Herein, we report the synthesis of tert-butyl (E)-3-oxo-2-(3-oxoisobenzofuran-1(3H)-ylidene)butanoate 1 and its conversion to 1H-indene-1,3(2H)-dione.

2. Results and Discussion

tert-Butyl-(E)-3-oxo-2-(3-oxoisobenzofuran-1(3H)-ylidene)butanoate 1 was obtained using a simple and convenient procedure, which included the reaction of phthalic anhydride and tert-butyl acetoacetate in acetic anhydride in the presence of triethylamine at room temperature for 20 h (Scheme 2). The reaction proceeded with high yield (83%) and regioselectivity. It is interesting to note that in the reaction between phthalic anhydride and silylenol ether, obtained from tert-butyl acetoacetate, product 1 was not isolated [16]. To confirm the possibility of using product 1 as an intermediate in the synthesis of 1H-indene-1,3(2H)-dione, it was shown that the reaction of ester 1 with sodium methoxide in methanol at room temperature for 20 h, followed by treatment with hydrochloric acid, produced 1H-indene-1,3(2H)-dione in a high yield (80%).

The structure of tert-butyl (E)-3-oxo-2-(3-oxoisobenzofuran-1(3H)-ylidene)butanoate 1 was confirmed by means of elemental analysis, high-resolution mass spectrometry, ¹H, ¹³C NMR, IR spectroscopy as well as mass spectrometry. The configuration of the double bond of ether 1 was established on the basis of NOESY experiments (Figure 1). The singlet corresponding to the hydrogen atoms of tert-butyl (1.18 ppm) correlates with aromatic protons (8.26 ppm), while the methyl singlet (3.14 ppm) does not correlate with aromatic protons of the system, which proves the existence of a single isomer 1 of the proposed compound. The structure of compound 1 was also unambiguously confirmed using an X-ray diffraction analysis (Figure 2). X-ray diffraction analysis in combination with NOESY NMR spectra showed the presence of only one E-regiomer in the structure, in which the bulky tert-butyloxycarbonyl group is closer to the aromatic ring.

In conclusion, it was shown that the reaction of phthalic anhydride with tert-butyl acetoacetate is regioselective and led to tert-butyl (E)-3-oxo-2-(3-oxoisobenzofuran-1(3H)-ylidene)butanoate 1, which is an intermediate in the synthesis of 1H-indene-1,3(2H)-dione from phthalic anhydride.

3. Materials and Methods

The solvents and reagents were purchased from commercial sources and used as received.

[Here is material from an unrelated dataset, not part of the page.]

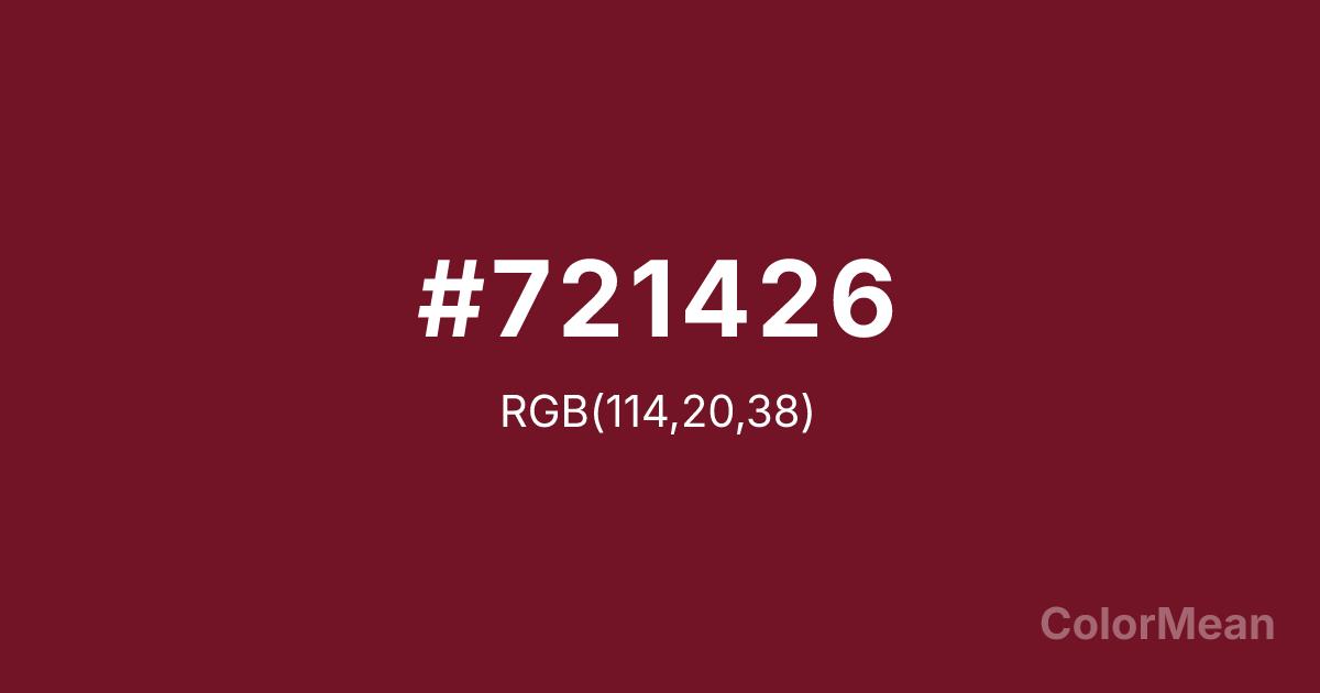 #721426 RGB value is (114, 20, 38). The hex color red value is 114, green is 20, and blue is 38. Its HSL format shows a hue of 349°, saturation of 70 percent, and lightness of 26 percent. The CMYK process values are 0 percent, 82 percent, 67 percent, 55 percent.

Elemental analysis was performed on a 2400 Elemental Analyzer (Perkin ElmerInc., Waltham, MA, USA). ¹H and ¹³C NMR spectra were taken with a Bruker AM-300 machine (Bruker AXS Handheld Inc., Kennewick, WA, USA) (at frequencies of 300 and 75 MHz) in CDCl₃ solution, with TMS as the standard. J values are given in Hz. MS spectrum (EI, 70 eV) was obtained with a Finnigan MAT INCOS 50 instrument (Hazlet, NJ, USA). High-resolution MS spectrum was measured on a Bruker micrOTOF II instrument (Bruker Daltonik Gmbh, Bremen, Germany) using electrospray ionization (ESI). IR spectrum was measured with a Bruker “Alpha-T” instrument in KBr pellet.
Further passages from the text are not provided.